# Which wax ?



## Goodnight Irene (Feb 8, 2009)

Looking to purchasing wax for the first time. What do you recommend ? Will be applying after a hand polish. Been using a detailing spray after washes, can this be applied on top of the wax ?


----------



## Walesy. (Oct 1, 2009)

Depends on your budget

For hand polish applications, I really cant see by Autoglym UHD wax. 

A detailing spray should be fine afterwards.


----------



## big dave 666 (Aug 2, 2014)

What do you want. Massive gloss. Longevity. A combination of the two. Depends on your budget. Is it going to be applied to just one car or several??


----------



## Carlos Fandango (Dec 24, 2016)

As others have said it depends on your budget. There's so many to choose from. Personal recommendation would be for Harly Wax or Farecla G3 Supergloss as both easy to use, give good gloss and relatively cheap to buy.
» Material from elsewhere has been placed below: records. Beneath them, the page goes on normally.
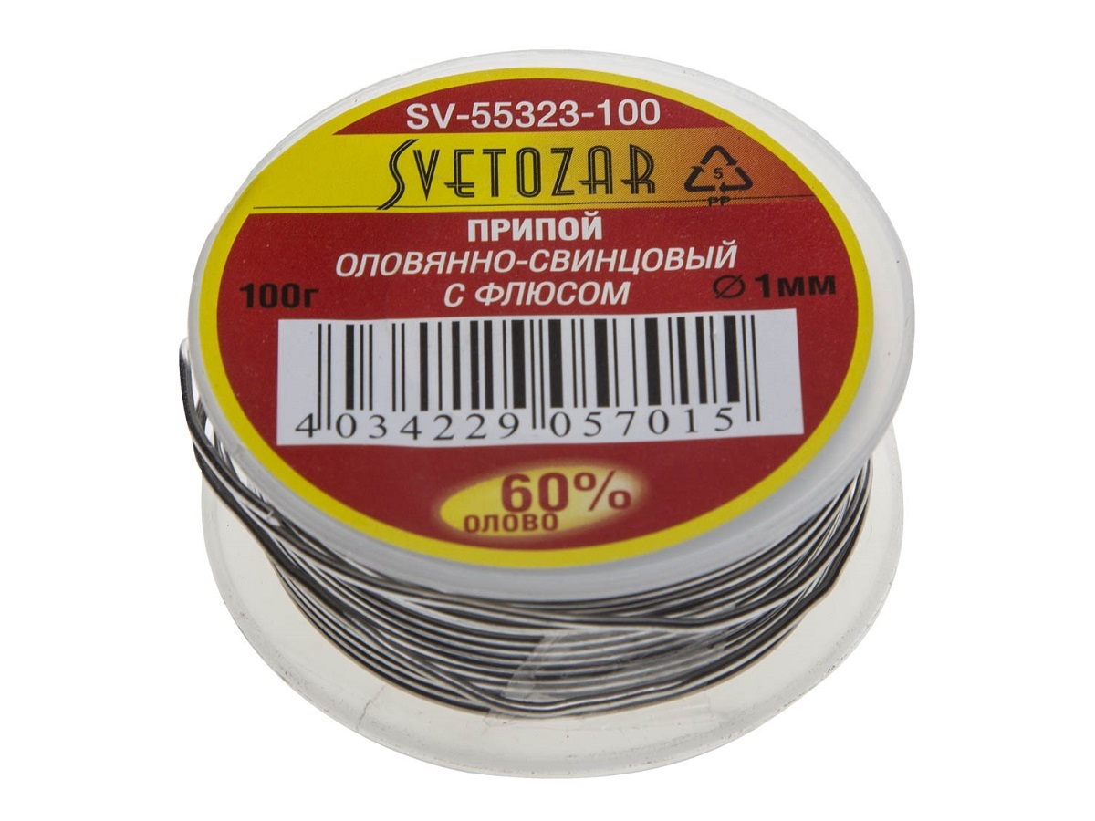 Припой СВЕТОЗАР оловянно-свинцовый, 60% Sn / 40% Pb, 100гр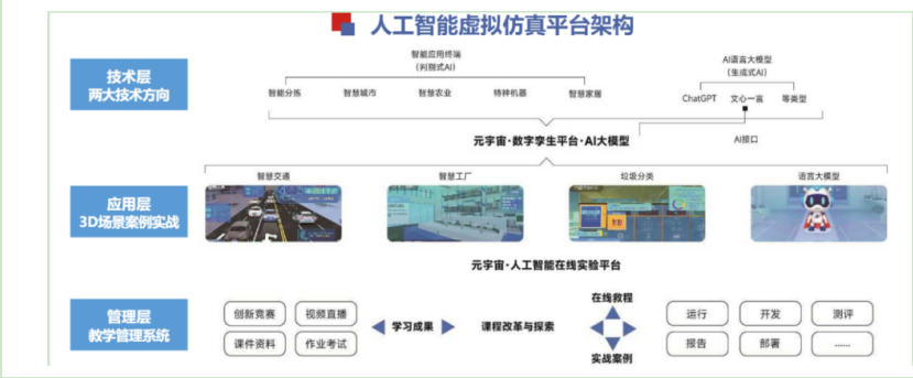 人工智能高端人才實(shí)戰(zhàn)班還使用了華清遠(yuǎn)見自研教學(xué)平臺(tái)——人工智能虛擬仿真平臺(tái)。人工智能虛擬仿真平臺(tái)是華清遠(yuǎn)見為解決多年的人工智能學(xué)科建設(shè)及人才培養(yǎng)的過程中幾大難點(diǎn)問題應(yīng)運(yùn)而生的軟件教學(xué)平臺(tái)。獨(dú)家首創(chuàng)的積木式搭建人工智能學(xué)習(xí)架構(gòu),可視化理解人工智能算法,配以專業(yè)課程、實(shí)踐項(xiàng)目、動(dòng)態(tài)代碼資源包和可以遷移學(xué)習(xí)的3D產(chǎn)業(yè)場(chǎng)景,能夠快速準(zhǔn)確幫助學(xué)生構(gòu)建整體人工智能學(xué)習(xí)思維并可進(jìn)行自主學(xué)習(xí)和創(chuàng)新實(shí)驗(yàn)和成果展示。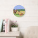 This kitchen clock features my design of a lovely brown chicken strutting in the fields, with a jaunty cockerel running towards her, perfect for bringing a country feel into your kitchen.

Another honourable mention would be Bilt Hamber Double Speed Wax.


----------



## Nick-ST (Mar 4, 2013)

Autoglym UHD wax gets my vote


----------



## bigkahunaburger (Jun 27, 2012)

Best waxes I have used for ease of application and removal, longevity, gloss and crazy water behaviour:
Autoglym UHD
Zymol Glasur


----------



## GSVHammer (Feb 7, 2009)

I would say Farecla G3 Supergloss . Amother mention is Bilt Hamber Double Speed Wax. Both are under £20 for a large pot.
I'm using the G3 Supergloss at the moment and loving it.


----------



## WHIZZER (Oct 25, 2005)

so many good waxes out there - dodojuice, waxplanet, odk , autoglym etc etc


----------



## Dave Y (Jan 26, 2009)

Collinite 476 easy to use


----------



## roscopervis (Aug 22, 2006)

The eternal question! If you can give us an idea of what you would like to spend and what your key requirements out of the wax are, then you will get the best recommendations. If you don't want to spend more than £20, then Zymol recommendations are not worthwhile. If you want to spend £150 on a show wax, then recommendations for Collinite will not be suitable.

Also be aware that whilst there are a lot of very experienced wax users on here, there are also people who have used 2 or 3 waxes only, and will recommend those, unaware of what else is out there.

One more thing that bugs me currently. There are lots of waxes these days that are 'ceramic'. This doesn't necessarily mean they are good, durable or extra shiny. Don't pick a wax just on it's label.


----------



## Ads_ClioV6 (Apr 27, 2014)

roscopervis said:


> The eternal question! If you can give us an idea of what you would like to spend and what your key requirements out of the wax are, then you will get the best recommendations. If you don't want to spend more than £20, then Zymol recommendations are not worthwhile. If you want to spend £150 on a show wax, then recommendations for Collinite will not be suitable.
> 
> Also be aware that whilst there are a lot of very experienced wax users on here, there are also people who have used 2 or 3 waxes only, and will recommend those, unaware of what else is out there.
> 
> One more thing that bugs me currently. There are lots of waxes these days that are 'ceramic'. This doesn't necessarily mean they are good, durable or extra shiny. Don't pick a wax just on it's label.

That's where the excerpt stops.